Cousin Derrick says he’s glad the Moot family came – for many reasons. At 185cm, he jokes he’d be short in the Netherlands. Besides, there are too many people: 17 million squished into a country no bigger than Canterbury. I’m just glad my family continued to speak Dutch at home and cook Dutch food (though I’d never have said that at the time); also that the wider family kept up with Dutch traditions such as Sinterklaas (a Santa Claus festival) on December 5.

At a recent Moot gathering in Christchurch to welcome a visiting Dutch cousin and his brood, it was easy to pick the newbies. The FOBs looked distinctly glossy and apple-cheeked and oh, so casually well-dressed. The cut of that jacket, the freshly ironed shirt, the sleeves turned back! So subtle, so stylish. I fancied I was almost a match for them in my Doris de Pont dress until a mouthful of Dutch sausage sent a jet of watery fat coursing down my front.

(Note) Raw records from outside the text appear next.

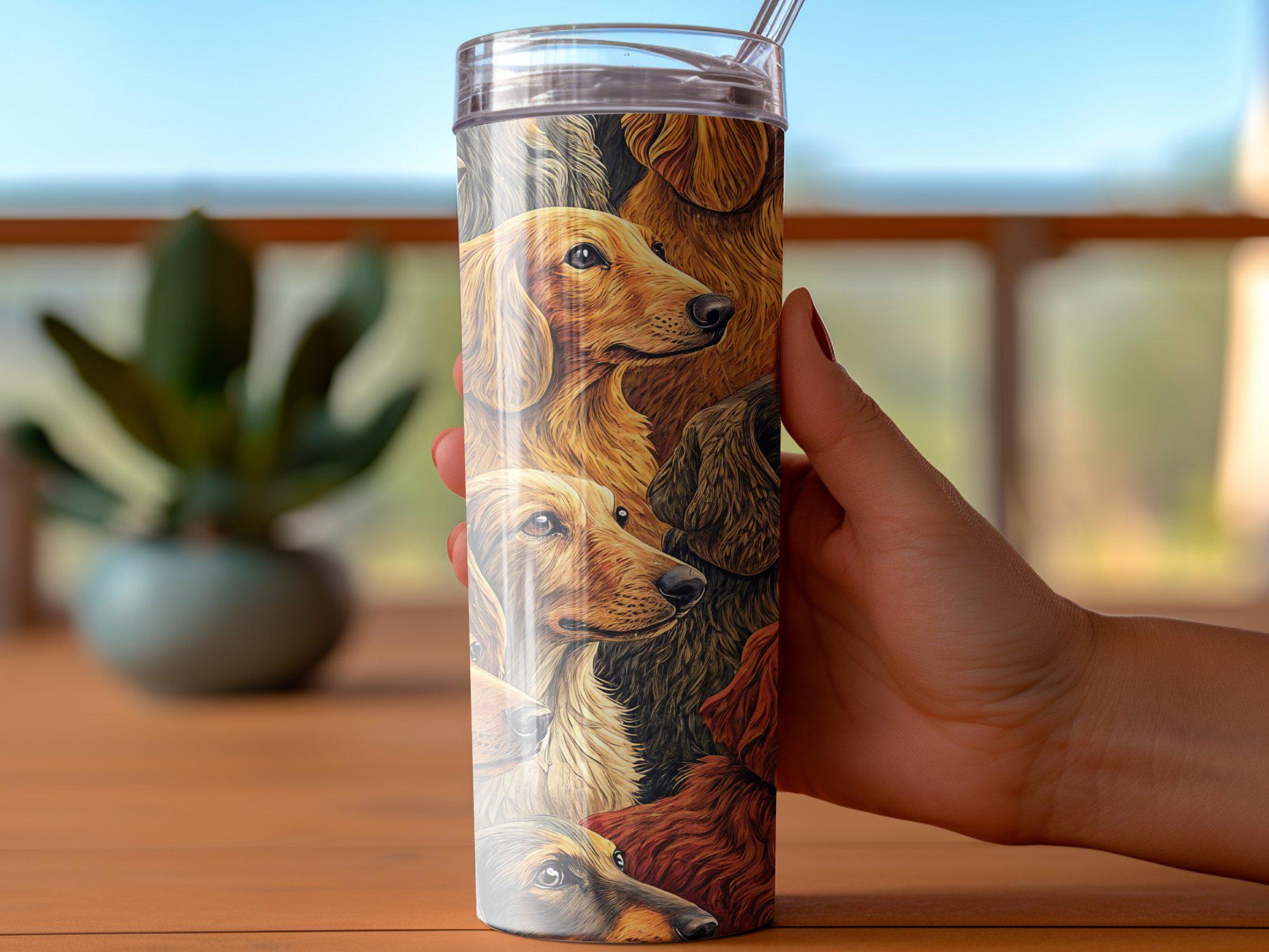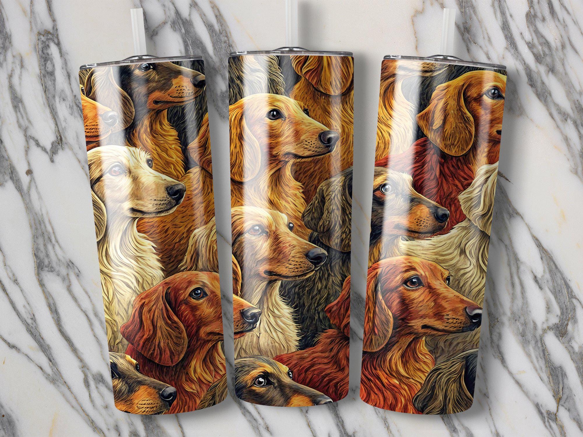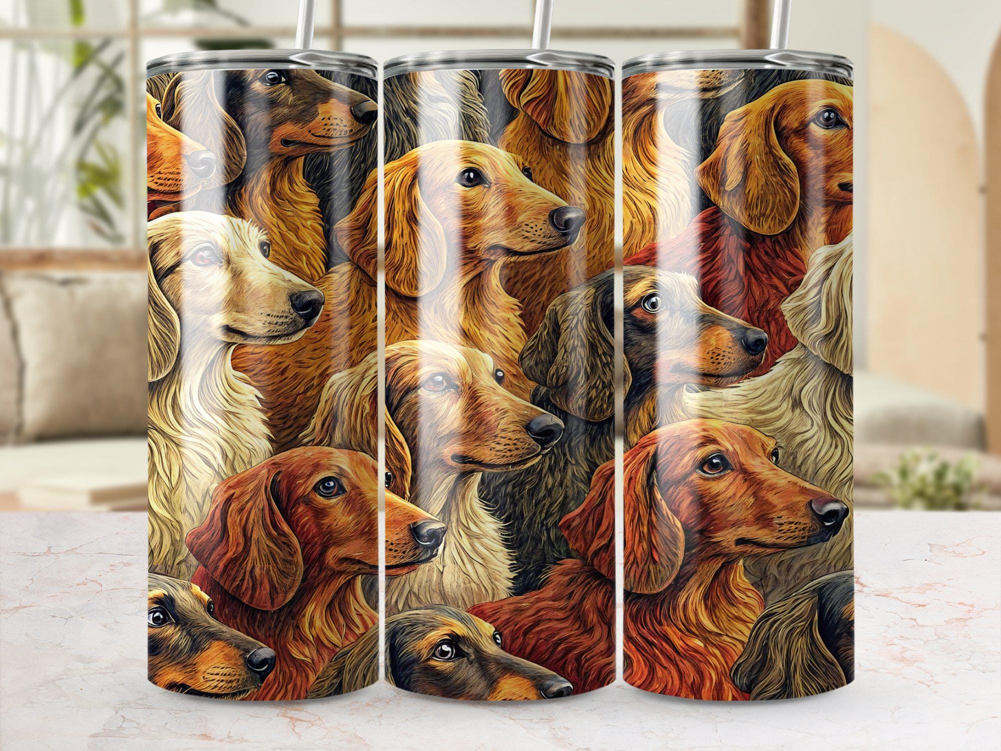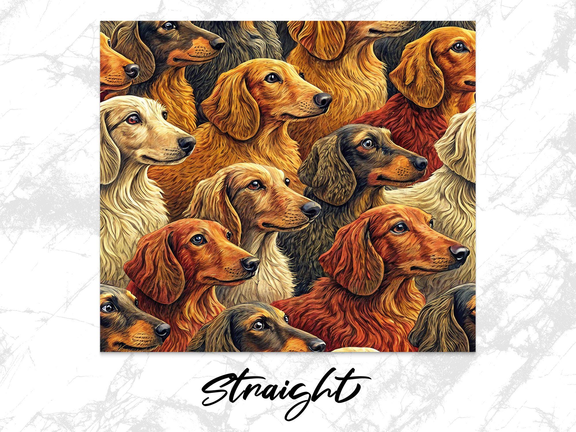 Instantly elevate your tumbler with this unique Dachshund themed wrap, ready for sublimation. Perfect for dog lovers and craft enthusiasts. This design features a collection of adorable Dachshunds in various colors and poses, creating a captivating and eye catching pattern.
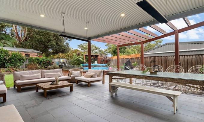 Speckled Nest at Hawks Nest is a luxurious coastal retreat designed for relaxation and connection. With spacious open-plan living, seamless indoor-outdoor entertaining, and an inviting pool, it's the perfect getaway for families and friends. Featuring four king bedrooms, a kids' bunk/rumpus room, and 2.5 bathrooms, there's plenty of space for everyone to unwind. Located just 200 meters from Jimmy's Beach, you'll be moments away from pristine sands and crystal-clear waters.
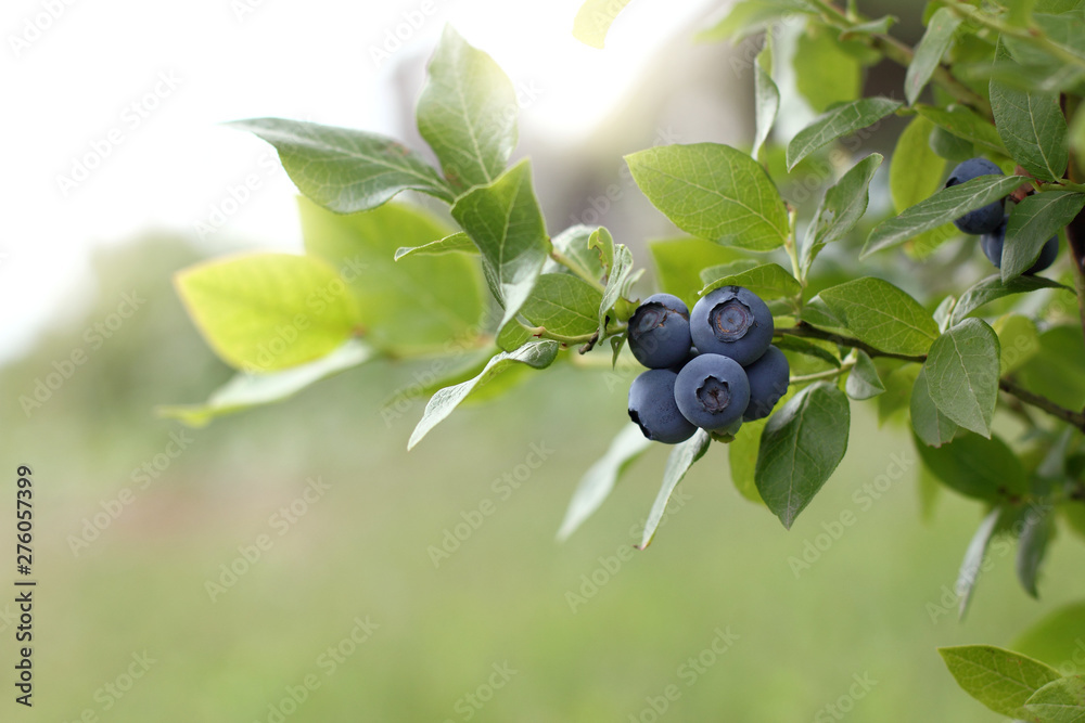 clusters of garden blueberries on a branch. harvest of large summer berries
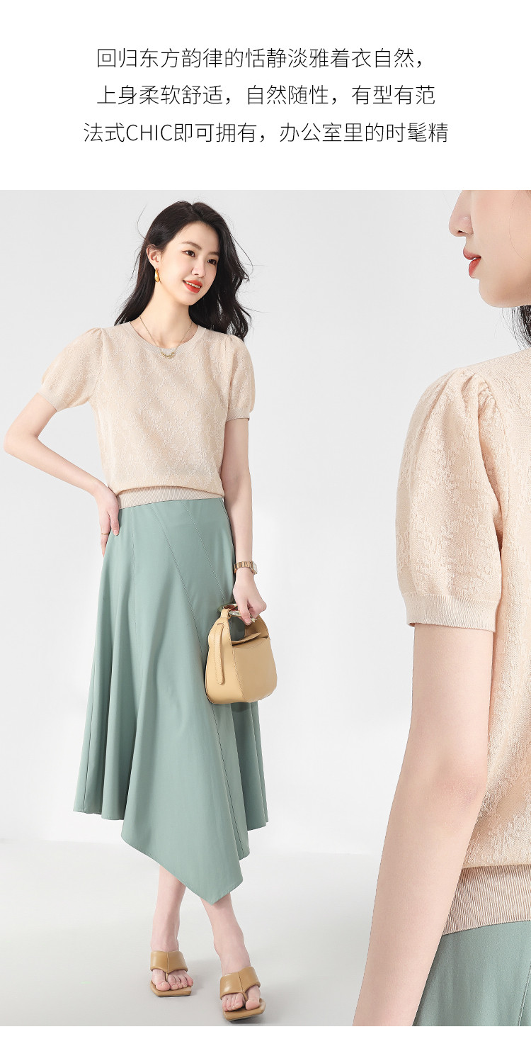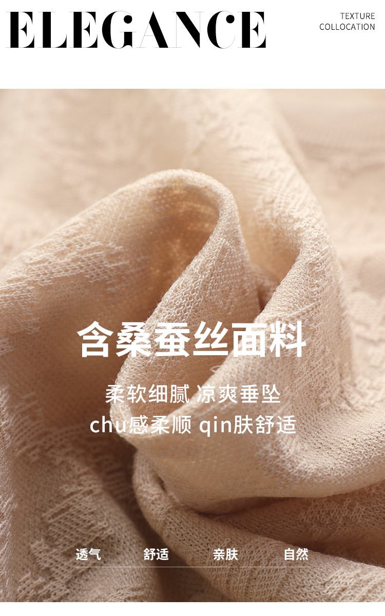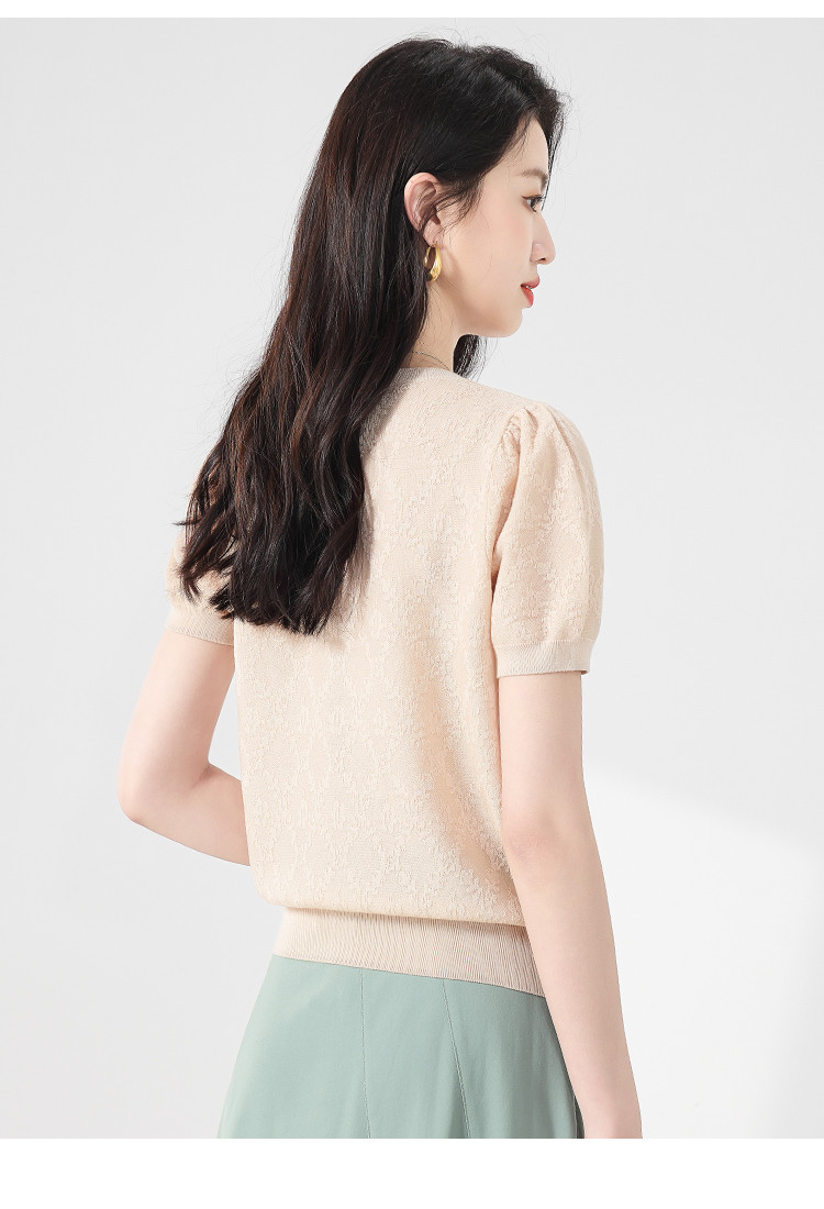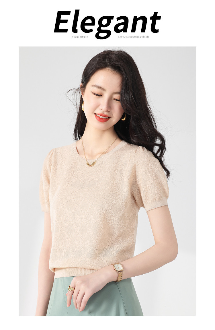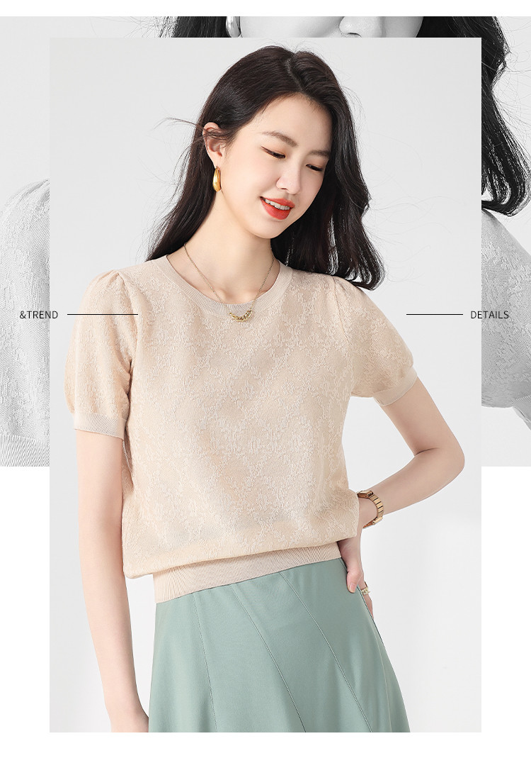 商品名称:轻薄纯色圆领提花含桑蚕丝针织打底短袖T恤针织衫女夏 882579
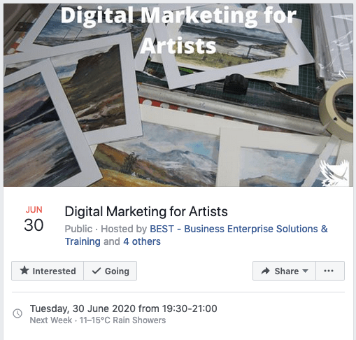 My latest collaboration is with the innovative and rather wonderful West Highland College to deliver two online courses, something I’m really excited about. The first course starts on Tuesday 30th June (click on the link on the picture below to go directly to their event page on FB) or click BEST – Business Enterprise Solutions and Training. to book on their website: The college have been really helpful and supportive and I’ve worked with them to keep the cost of the courses really low to make them as accessible as possible. I’m really keen to help and support other artists in any way I can and West Highland College has a lot of experience in delivering a great selection of online courses so this seemed like a really great way to do that.
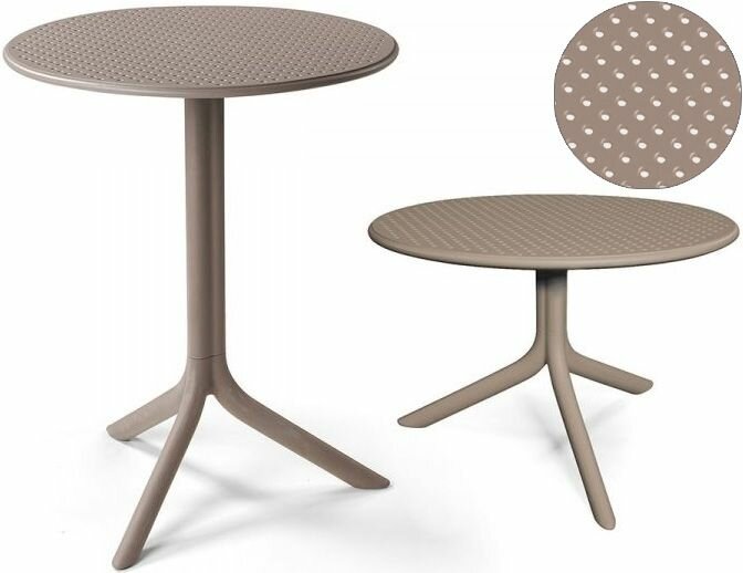 Инновационный стол Step – это модель, которая может превращаться из обеденного стола в журнальный путем смены опоры. Круглая столешница оснащена небольшими декоративными и функциональными отверстиями, которые обеспечивают очень хороший дренаж. Большая цветовая палитра отделок состоит из ярких и теплых оттенков, что позволяет подобрать максимально нужный вариант в соответствии с потребностями.
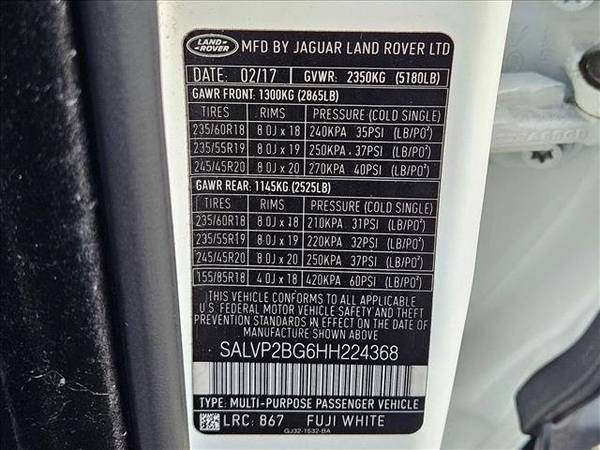 The following items have been reconditioned on this vehicle: new pair of tires! * Panoramic Roof * Leather Seats * Navigation System * Keyless Start * Rear SpoilerThis vehicle includes a Money-Back Guarantee* and passed our precise inspection process. Best of all the price you see is the price you pay. No haggling. No back and forth. No pressure. And this price is so good it is guaranteed. *Money-Back Guarantee is valid for 5 days or 250 miles, whichever comes first. Subject to certain terms and conditions. See store for details. Some restrictions apply.This 2017 Land Rover Range Rover Evoque SE Premium is offered to you for sale by AutoNation USA Henderson. Treat yourself to an SUV that surrounds you with all the comfort and conveniences of a luxury sedan. This Land Rover Range Rover Evoque SE Premium is for the discerning driver who demands the utmost of his vehicle. Taking the road less traveled has never been more fun than with this 4WD. With improved performance, mileage and acceleration, this 2017 4WD Land Rover Range Rover Evoque SE Premium is king of the off-road. The Range Rover Evoque SE Premium has been lightly driven and there is little to no wear and tear on this vehicle. The care taken on this pre-owned vehicle is reflective of the 67,384mi put on this Land Rover.
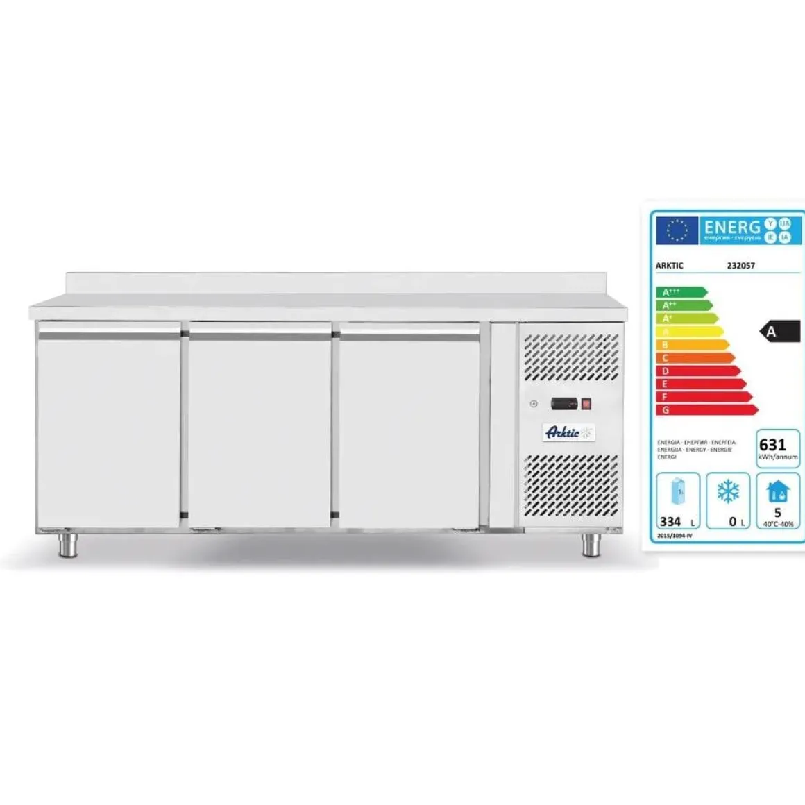 Ruime koelwerkbank met 3 schappen en een bodem waar je producten kan stallen. Het grote blad biedt veel werkruimte en heeft een spatrand.

But Dutch families are strong and, albeit often argumentative, united in their love of hearty (and massively uncool) Dutch food, so we spent the evening tucking happily into mountains of stamppot (mashed vegetables and potatoes) with jus, mounds of mayonnaisy meat and fish salad, generous slabs of hard cheese, platters of cold meat, rookworst (smoked Dutch sausage, served hot) and croquettes, followed by poffertjes (small fluffy pancakes), oliebollen (sweet dumplings) and coffee, all prepared by Dutch caterers (probably the only ones in the country).

The food wouldn’t be to everyone’s tastes but, thanks to historic memory or simply childhood nostalgia, we loved it. The oldies will never retire to Ons Dorp (a Dutch retirement village in Henderson) and later generations are unlikely to subscribe to Dutch television or radio. Most will never even speak Dutch. But there are some things you never lose the taste for.

This was published in the April 2018 issue of North & South.